Of the others, Thailand’s Intanon has shown signs in recent months of returning to the kind of form that had won her the 2013 world championship, and also catapulted her into her first All England final in 2013, against Denmark’s Tine Rasmussen. PV Sindhu and the two Japanese aces, Nozomi Okuhara and Yamaguchi, have not been anywhere near as dominating as in the previous two years; and the stage appears set for Tai to continue to hog the limelight at the Birmingham Arena.

As for India’s record at the All England, the country has thrown up two champions – Prakash Padukone in 1980 and Pullela Gopichand in 2001 – from five entries into the finals. Prakash Nath lost the 1947 final to Denmark’s Conny Jepsen at 7-15, 11-15, when he was unable to concentrate on the match after reading in the London newspapers that morning that his native Lahore had gone up in flames the previous night due to the riots that marked the Partition of India.
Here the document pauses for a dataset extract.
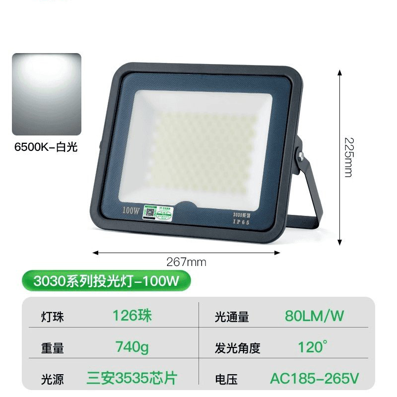 • 대형 발광 표면-100W(Yaming 통합 COB)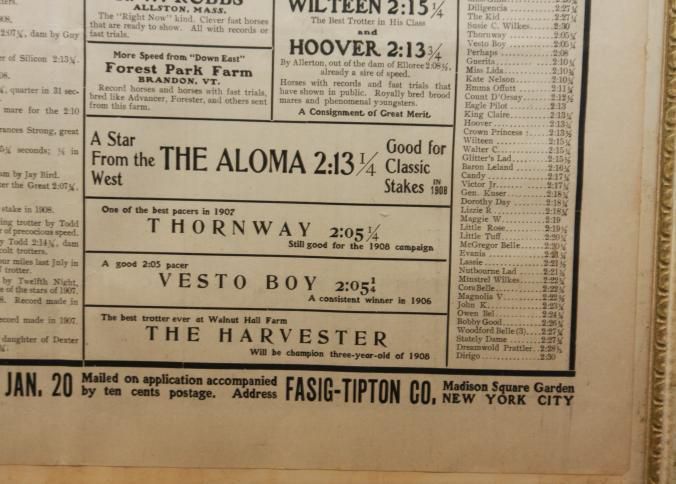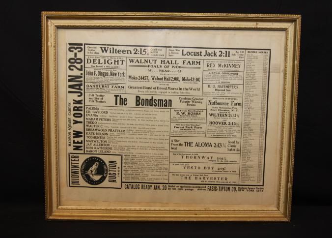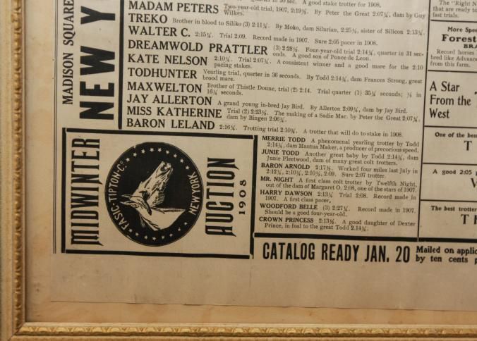 FR. 1908 FULL ADV. "MID-WINTER FASIG-TIPTON NY HORSE AUCTION. 11X15". THE AUCTION WAS HELD AT MADISON SQUARE GARDEN JAN 28-31. CATALOGS WERE TO BE READY JAN 20TH. THIS WAS A MAJOR EVENT WITH HUNDREDS OF GREAT HORSES. FANTASTIC DETAILED LISTING.Created By

Prakash Padukone, who won the crown from defending champion Liem Swie King of Indonesia in 1980 with a 15-3, 15-10 rout, and ruined that speedy, hard-hitting player’s chances of winning four crowns in a row (Swie King had won the title in 1978 and ’79), himself succumbed to the Indonesian the following year at 15-9, 5-15, 6-15. Swie King eventually was to win the title thrice from seven forays into the finals; his losses were to Hartono in 1976, Denmark’s Flemming Delfs in 1977, Prakash in 1980 and Morten Frost in 1984.

The fifth All England finalist from India was the indefatigable Saina Nehwal, who stretched the then reigning world champion, Carolina Marin of Spain over the full distance before fading away in the decider of their long-drawn 2015 encounter, at 21-16, 14-21, 7-21. Saina’s recent form has been encouraging; and 2019 could well be the year when she makes a serious bid for the title that eluded her four years back.